O ozono e a questão climática
Zhao-Yue Chen defende que é urgente “trabalhar para reduzir estes poluentes nocivos, em especial as PM2,5 e o ozono”, que têm um impacto comprovado na saúde humana. E recorda os desafios que as alterações climáticas colocam no que toca ao ozono.
“A mitigação das alterações climáticas não é uma questão separada da qualidade do ar. O aumento da radiação solar e das temperaturas pode impulsionar a formação de ozono. O ozono na baixa atmosfera actua como um gás com efeito de estufa, retendo o calor e contribuindo para o aquecimento global. A redução dos níveis de ozono pode ajudar a atenuar a sua influência neste ciclo”, refere o cientista. Apesar de o ozono na camada do ozono nos proteger da radiação ultravioleta solar, este ozono de superfície é poluente e pode ser letal para os humanos.

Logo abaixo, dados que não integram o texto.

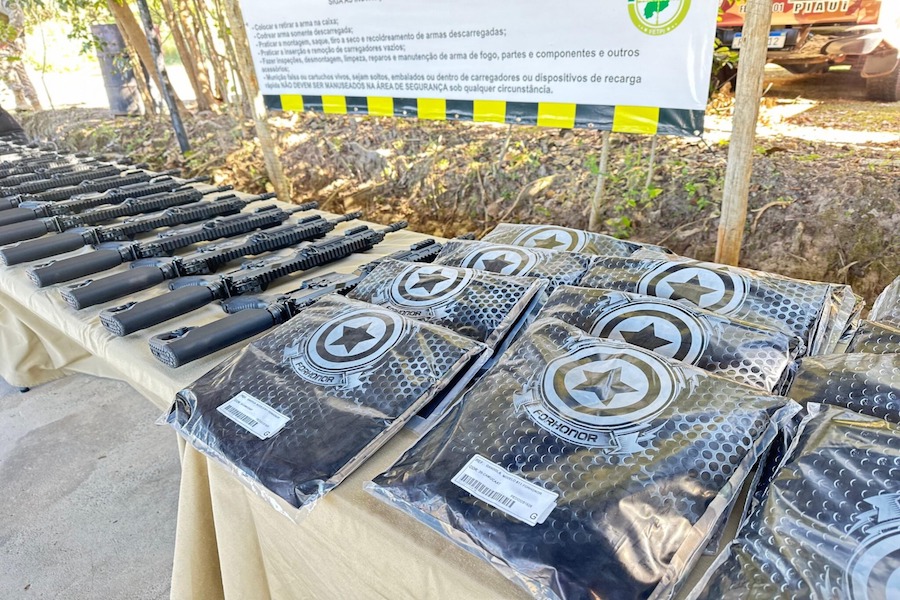 Foram adquiridos uniformes e equipamentos táticos individuais no valor de R$ 307.087,50, incluindo coldres de perna, cintos táticos, porta-carregadores, porta-algemas, bonés, calças, gandolas, combat shirts, botas táticas e 150 capas de colete balístico. Também foram entregues 300 carabinas ARAD 5,56mm multicalibre, de fabricação israelense, avaliadas em R$ 3.785.621,30. Todo o investimento foi realizado com recursos do Fundo de Segurança Pública.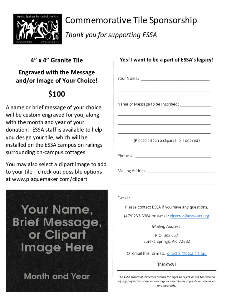 Commemorative Tile Sponsorship Thank you for supporting ESSA 4 x 4 Granite Tile Engraved with the Message and/or Image of Your Choice!$100 A name or brief message of your choice will be custom engraved

“Esta interacção complexa cria um ciclo nocivo, o que torna urgente a necessidade de abordar simultaneamente as alterações climáticas e a poluição atmosférica”, acrescenta o co-autor Ballester Claramunt, professor Instituto de Saúde Global de Barcelona, citado numa nota de imprensa da entidade.
Combinação de poluentes
O estudo também analisou o número de dias em que os limites para dois ou mais poluentes foram excedidos concomitantemente. Estima-se que 86,3% da população europeia tenha vivido pelo menos um dia por ano de ar impuro com dois ou mais poluentes. As combinações mais comuns no período estudado foram PM2,5 e NO2, além de PM2,5 e ozono.
“Surpreende-nos que ainda existam tantas populações ou regiões na Europa expostas a níveis de PM2,5 ou de ozono que excedem as directrizes diárias ou anuais da OMS, apesar de terem sido feitos progressos na qualidade do ar em geral. Pior ainda, a exposição da população aos níveis de ozono no Sul da Europa está mesmo a aumentar”, lamenta Zhao-Yue Chen.